In previous post, we discussed about basics of neural network. In this post, we will talk about an interesting type of neural network popularly known as CNN, ConvNet or Convolutional Neural Network. Let us first understand the algorithm and the techniques used, then we will look how to implement these things in real.
What is CNN Exactly?
You may have officially known about picture or facial acknowledgment or self-driving vehicles. These are genuine executions of Convolutional Neural Networks (CNNs).
The progressions in Computer Vision with Deep Learning has been developed and idealized with time, fundamentally more than one specific algorithm — a Convolutional Neural Network.
CNNs, as neural networks, are comprised of neurons with learnable weights and biases. Every neuron gets a few sources of info, takes a weighted total over them, go it through an actuation work and reacts with a yield. The entire network has a loss function and every one of the tips and traps that we created for neural networks applicable for CNNs.
A Convolutional Neural Network (ConvNet/CNN) is a Deep Learning technique which can take in an info picture, allocate significance (learnable weights and biases) to different perspectives/protests in the picture/Image and have the capacity to separate one from the other.

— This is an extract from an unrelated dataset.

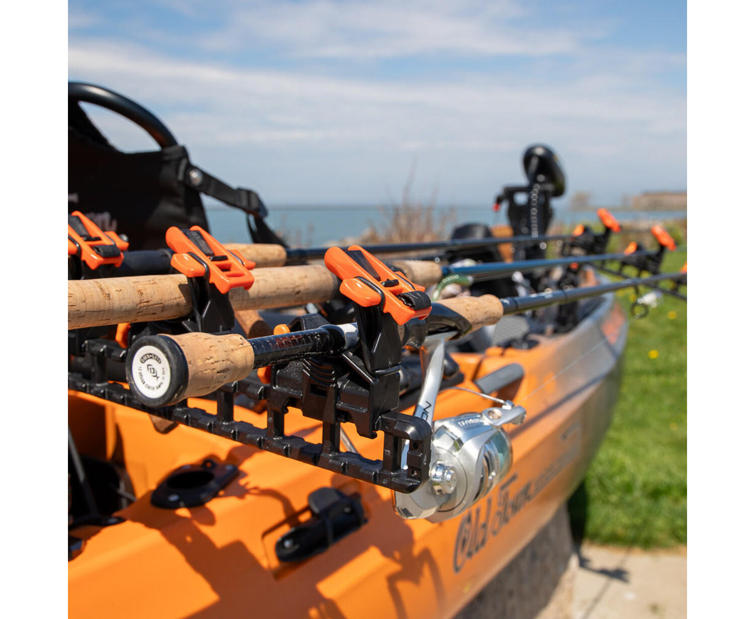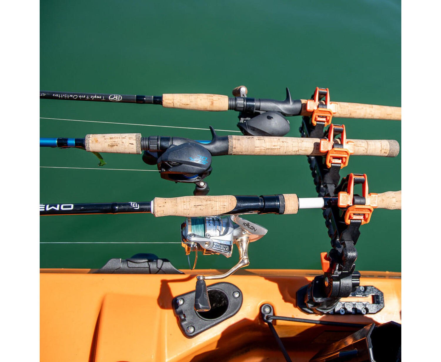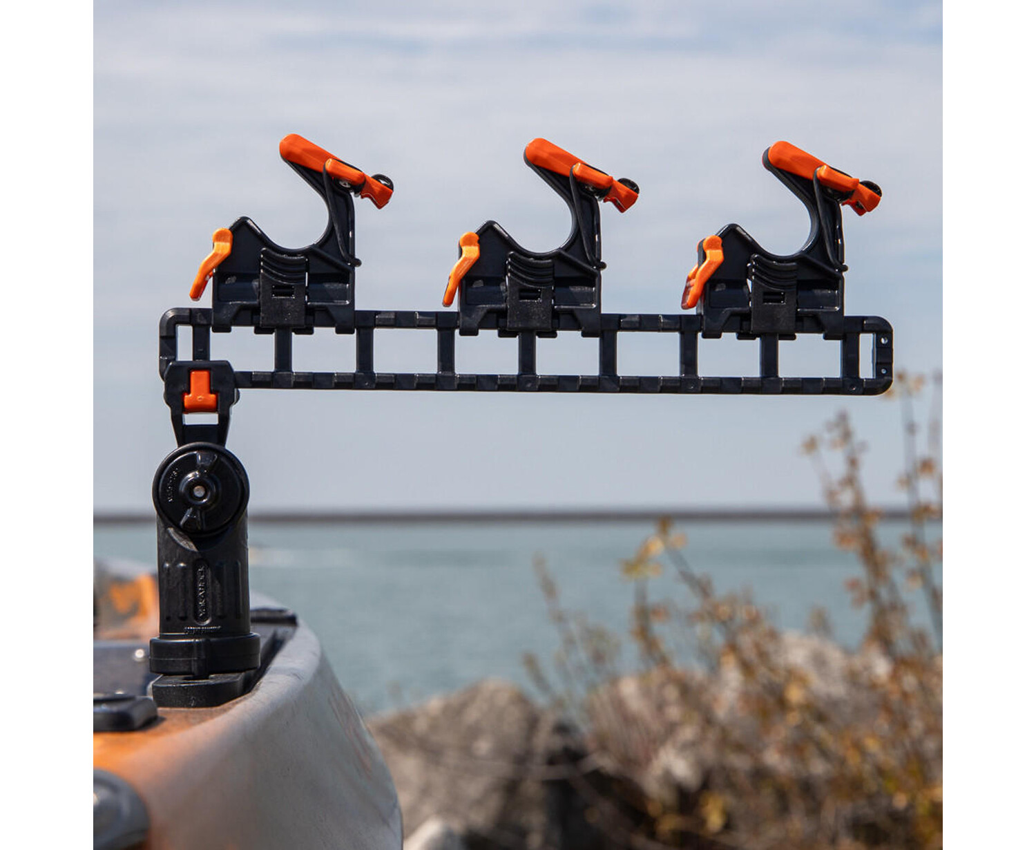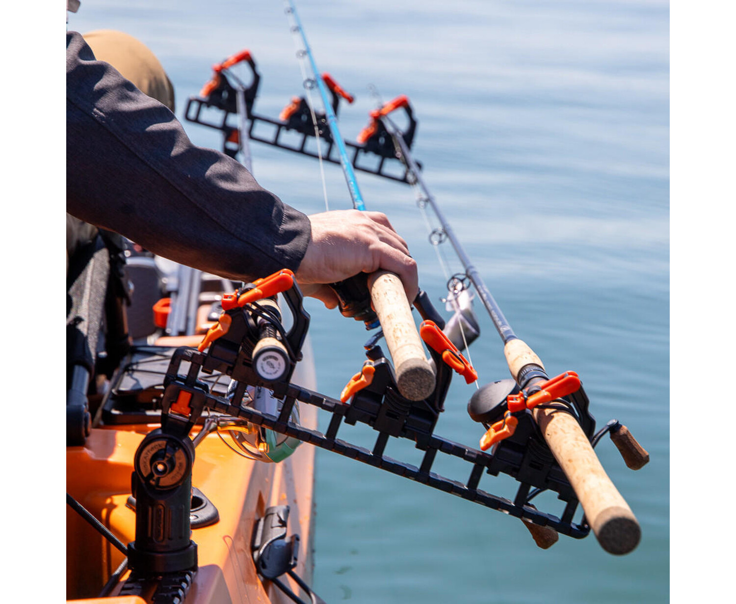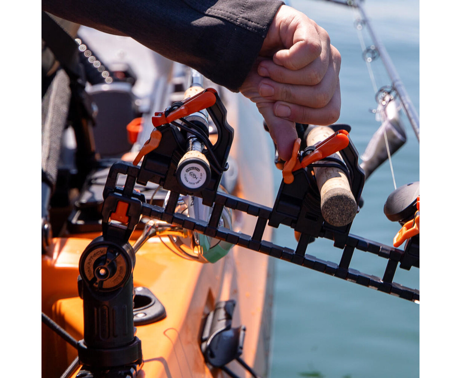 New to the YakAttack arsenal for 2024 is the SideStage Pro. The SideStage Pro is our take on a horizontal rod stager, but with all of the innovation and adjustability you would expect from YakAttack. This system is sold as a pair and comes with everything you need to stage and secure up to three rods. It introduces an all-new attachment system called ClickTrac. The ClickTrac Rail System allows you to easily attach, adjust and remove your accessories with the push of a button. For those who use a bow-mounted motor or pedal drive on their kayak off the side horizontal rod stagers like the SideStage could be a nice option to get three rods within reach and easy to access.

The pre-training required in a ConvNet is much lower when contrasted with other characterization algorithms. While in crude techniques channels are hand-designed, with enough training, CNNs can become familiar with these channels/attributes.
Architecture of CNN
The structure of a CNN is similar to that of the connectivity configuration of Neurons in the Human Brain and was motivated by the pattern of the Visual Cortex. Each neurons reply to stimuli only in a controlled area of the visual arena known as the Receptive Field. A gathering of such fields overlap to shield the complete visual area.
The convolution layer is the foremost building block of a CNN
The convolution layer encompasses set of autonomous filters. All these filters are adjusted randomly and develop parameters which will be learned by the network later.
The hidden layers in a CNN are mostly convolution and pooling (down-sampling) layers.
In every convolution layer, a filter of a tiny dimension should move across the input image and perform convolution processes. Convolution processes are element wise matrix multiplication between the filter values and the pixels in the input picture and the resultant values gets added/totaled.
The values of filters are tuned through the iterative training procedure and after a neural net has trained for certain number of epochs, these filters begin to find several features in the given image.
Pooling layers are responsible to down-sample the input image. The image would hold lot of pixel values and it is naturally simple for the network to learn the features if the size of an input image is gradually condensed. Pooling layers support in dropping the number of parameters needed and therefore, this decreases the required computation. Pooling attempts to avoid overfitting problem as well.
There are couple of pooling operations:
- Max Pooling : Choose the maximum value
- Average Pooling: Total sum all of the values and dividing it by the total number of values (take average of present values )
Average pooling is seldom applied in practice; you would find max pooling applications in most of the use cases.
What CNN does?
A CNN can effectively capture the Spatial and Temporal dependencies in an input image through the application of appropriate filters. The construction achieves enhanced fitting to the image data-set due to the lessening in the number of parameters and re-usability of weights. The network can be trained to recognize the complexity of the image in better way.
The role of the CNN is to deduce the images into a form that is simpler to process, without misplacing features that are important for getting decent prediction. This is critical when the need is to design an architecture that is good at learning features and is scalable to huge datasets.